Театр «Современник» тоже сохранил верность мечтам о социалистическом освобождении. В 1967 году, к 50-летию Октябрьской революции, главный режиссер театра Олег Ефремов поставил трилогию о русских революционерах – от аристократов-декабристов до большевиков. В официальных материалах к полувековому юбилею коммунистического правления все трагические моменты прошлого опускались. Не прибегая к прямой критике режима, актеры «Современника» стремились отстоять «подлинное» наследие революции – такое, каким оно им виделось – и защитить его от лживой официальной пропаганды. Авторы трех составивших трилогию пьес – Булат Окуджава, Александр Свободин и Михаил Шатров – были дети большевиков, мечтавших о мировой революции и уничтоженных в годы сталинского террора. В последней пьесе о Ленине и большевиках Шатров, как писал театральный критик Анатолий Смелянский, «использовал все имевшиеся в его распоряжении средства, чтобы показать, что источники революции были кристально чисты и что только Сталин и его сатрапы измазали их в грязи и замарали ленинские идеи». Такова была главная иллюзия «оттепели»[849].
Драматурги, режиссер и актеры были едины в своей решимости понять и воспроизвести историю русской интеллигенции последних полутора веков – начиная с декабристов и народовольцев. Но главным для них был период истории после 1917 года. Моральная и историческая обоснованность революции сомнений у них не вызывала. Но их волновал вопрос, почему и в какой момент революция привела к террору, уничтожившему большевистскую партию, и верных этой партии отцов и матерей многих шестидесятников. В какой момент революция стала катастрофой для страны? Ефремова интересовала проблема выбора цели и средств. В «Большевиках», последней пьесе трилогии, революционеры на сцене «Современника» дебатировали о терроре на следующий день после покушения на Ленина в августе 1918 года. На самом деле террор начался за много месяцев до покушения и был направлен на то, чтобы раздавить и подчинить «бывшие» правящие классы, равно как и крестьянство, и враждебную большевикам интеллигенцию. В мифологизированной версии Ефремова соратников раненого Ленина несколько дней терзали сомнения, прежде чем они решились начать убивать других, чтобы защитить себя и революцию. Смысл пьесы и спектакля состоял в том, что, проголосовав за террор, большевики невольно запустили в действие тот механизм, который в конечном счете уничтожит и их самих. После рокового голосования большевики на сцене «Современника» встали в ряд, как обреченное братство, и, обратясь лицом к зрителям, запели «Интернационал». В зале многие встали со своих мест и подхватили революционный гимн. Вывод, к которому подводил зрителя спектакль, состоял в том, что политика насилия ведет к катастрофе и ей не место среди ценностей интеллигенции. Но вопрос этот продолжал мучить Ефремова и его актеров. Может ли интеллигенция менять авторитарное государство, не став при этом его частью и не рискуя быть уничтоженной в процессе обновления? Ответа этот вопрос ни «Современник», ни его зрители найти не смогли[850].

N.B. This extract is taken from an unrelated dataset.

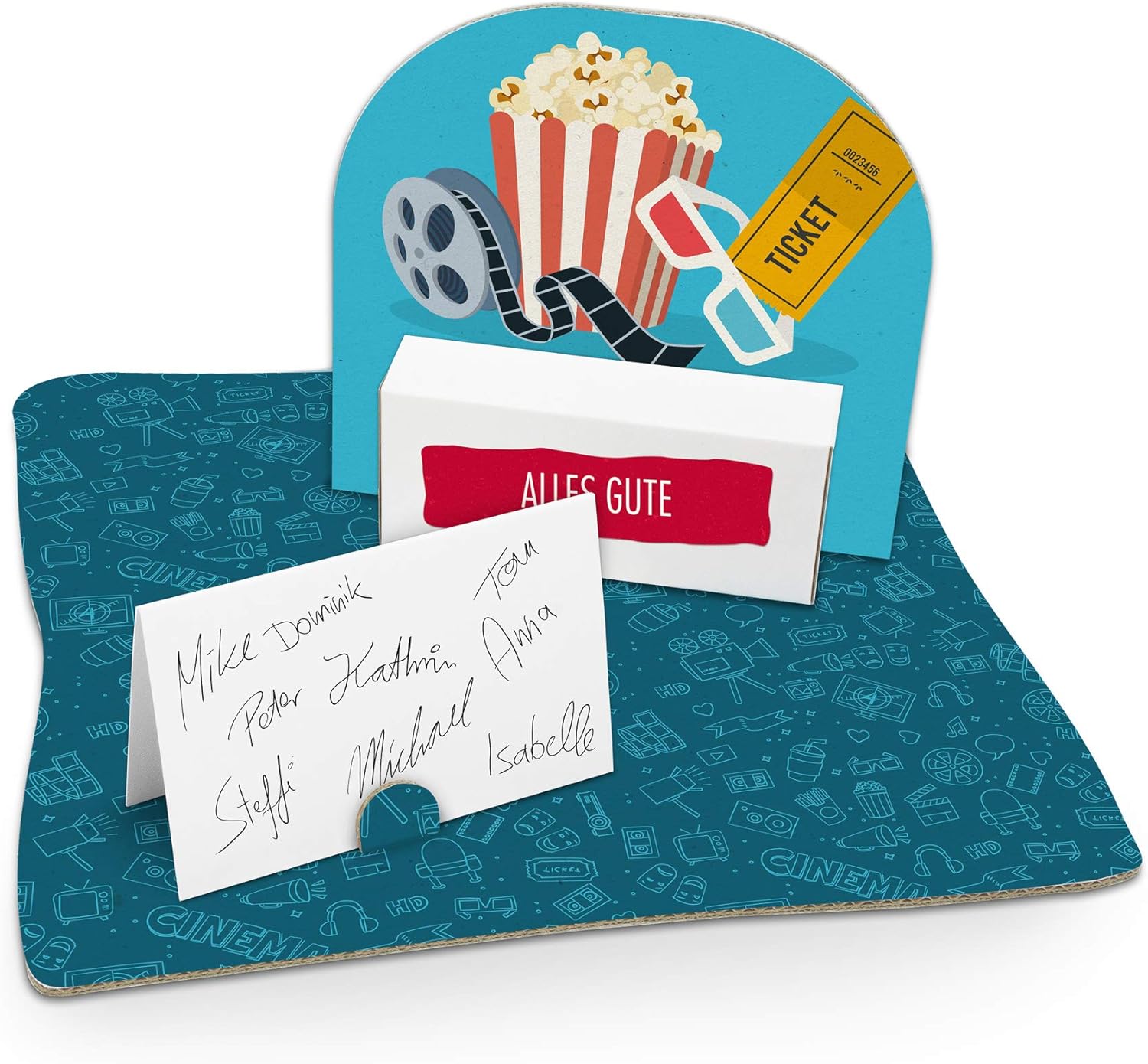 Geschenkkarte Und Stickerbogen Itenga Kinokarte Popcorn Geldgeschenk Gastgeschenk Verpackung Gutschein Mit Bodenplatte

Созданный в 1963 году Театр на Таганке превзошел «Современник» в смелости и новаторстве. Основатель театра актер Юрий Любимов довольно поздно решил вступить в артистический авангард московской интеллигенции. Он родился в год революции и был на целое поколение старше Ефремова. Крестьянские корни и воспоминания о НЭПе, арест родителей-нэпманов, наложили отпечаток на его раннюю жизнь. В 1930-е годы Любимов пытался «перековаться» и какое-то время работал на заводе простым рабочим. В 1934 году любовь к театру привела его в студию МХАТа, где на него повлиял авангардный театр Вахтангова и Мейерхольда. Пока другие таланты этого поколения становились жертвами террора, Любимов процветал. Он сыграл в вахтанговском спектакле о Ленине «Человек с ружьем». Участвовал в финской войне. После Великой Отечественной много снимался в кино, в том числе в роли Олега Кошевого в фильме «Молодая гвардия». Женился на актрисе Людмиле Целиковской, одной из звезд советского кинематографа. В 1952 году стал лауреатом Сталинской премии. Вскоре после смерти Сталина вступил в партию и, в отличие от Симонова и Твардовского, никаких угрызений совести по поводу своего прошлого не испытывал, по крайней мере, никогда в этом не признавался. «На политику я внимания не обращал, я играл», – вспоминал он[851].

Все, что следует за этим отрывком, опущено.